The weather had finally cleared up, and the filming carried on. The whole thing was behind schedule, and everyone worked pretty hard to get it all back on track. I continued goofing off around the set and hotel, going to the beach on my own, drinking with Rod, and generally having a great time while Britt worked. She had a day off, so the night before, we decided to do something fun. We got all dressed up in rockabilly-style tuxedo and evening gown, and after a good dinner, we went to a casino along the coast highway. This was a place right out of a James Bond movie, reminiscent of a Monte Carlo casino where the men wore tuxedos and gold jewelry and the women wore Dior gowns and diamonds. The whole place smelled of perfume, cologne, smoke, and liquor but, in this setting, not in a bad way; it was exactly what it was supposed to be. I think many of the patrons were the owners of the big luxury yachts moored in the marina. Now, we were never wealthy, but we always managed to have a good time, and we could hang in any circumstance from a punk rock club to this. This whole stay hadn't really been costing me much; we had an Amex card that we could get cash advances on, so that afternoon I went into the main town to the Amex office, and I signed for a $1,000 cash advance. I'm not a true gambler, but I loosely know the rules and how to play most of the games and used to enjoy it once in a while. I have a good memory of Brian and me wearing ten-gallon cowboy hats and shooting craps on a spontaneous trip to Vegas. Roulette is the most fun to play with someone else and also is the easiest game to play while partying. Not so much strategy is involved, and you can last a long time with a little money by making small bets and spreading the chips around the table. If you're there to have the experience and social part of gambling, it's the best game. We were there for a while, gambling a little, drinking, soaking up the atmosphere, and I had an “I can't believe I'm from Massapequa and now I'm here” moment, which is always a good shot.

We had been playing the number seventeen all night. The Cats had had a big hit song with “She's Sexy & 17,” and it seemed like a lucky number to bet on.
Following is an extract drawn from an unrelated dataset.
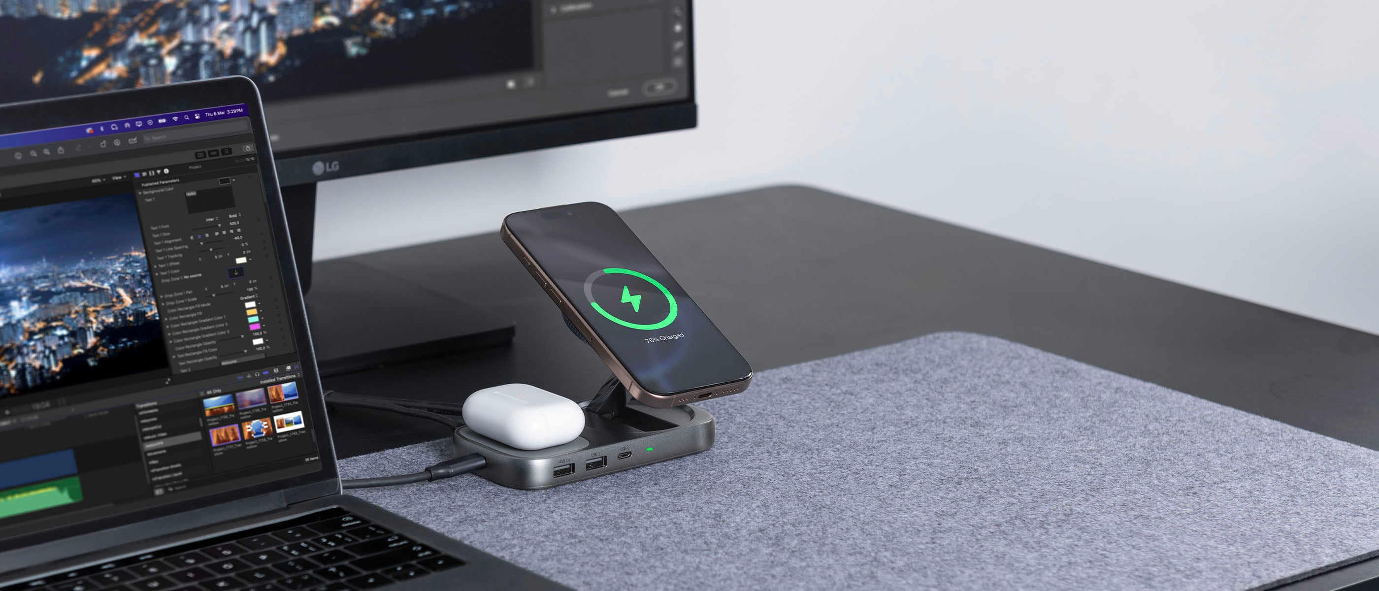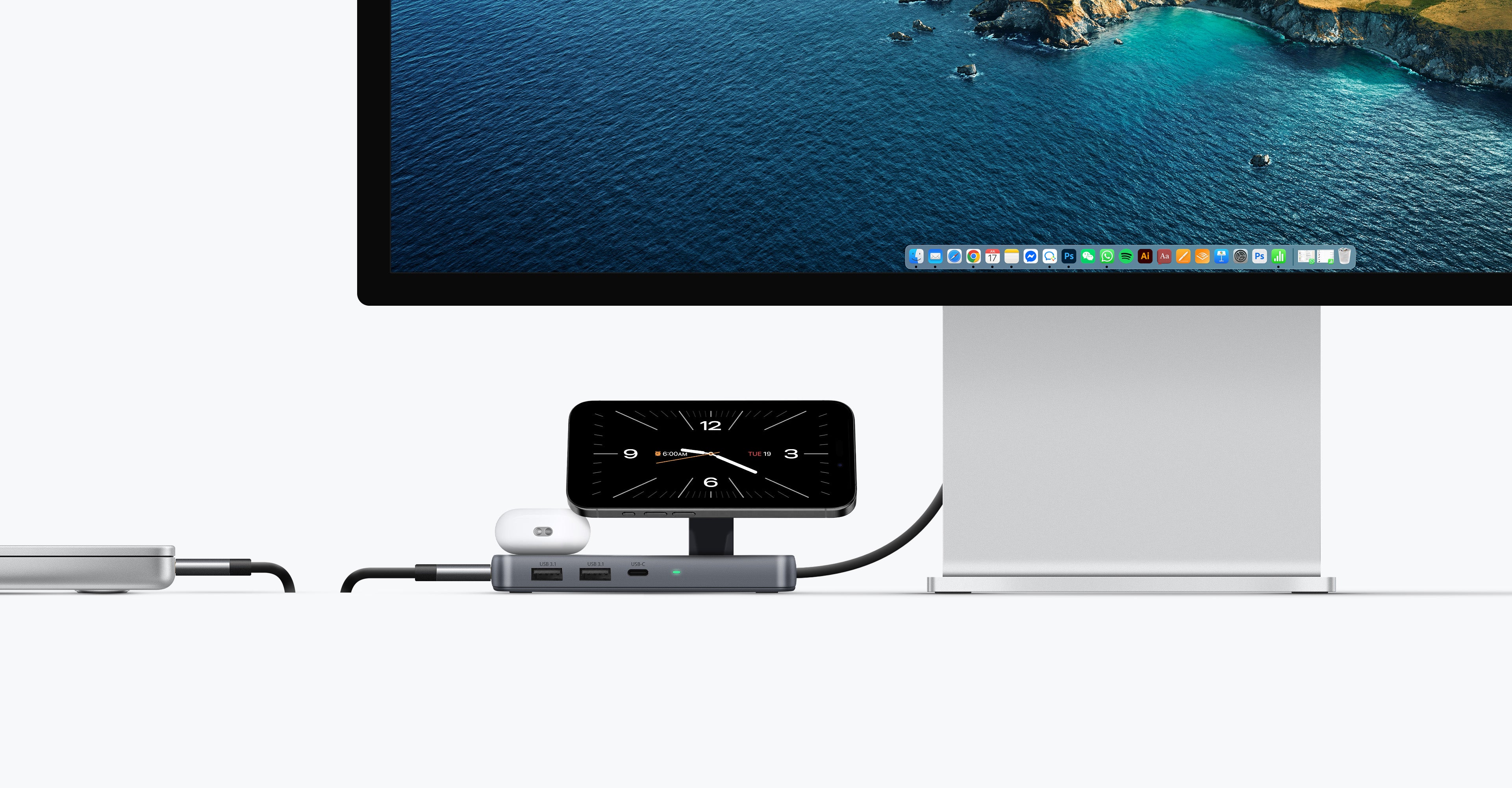 Docking Station | Wireless iPhone & AirPods Charger, Extend Display, 10Gbps, Power Delivery

All of a sudden it came up. We had a stack of chips right on the number and a few surrounding it, so it paid off pretty well. We kept playing seventeen and it hit again and then again. I don't know the odds, but it came up three times in a row. There was much hooting and hollering and congratulations in a few languages; a few people had bet with us on the third time, so some good champagne appeared. I tipped the croupier and waiters—I had a bunch of new friends. I excused myself to the gents' a few times to top up my buzz. I was in my rockabilly tux. Jim … Slim Jim … it was all fine.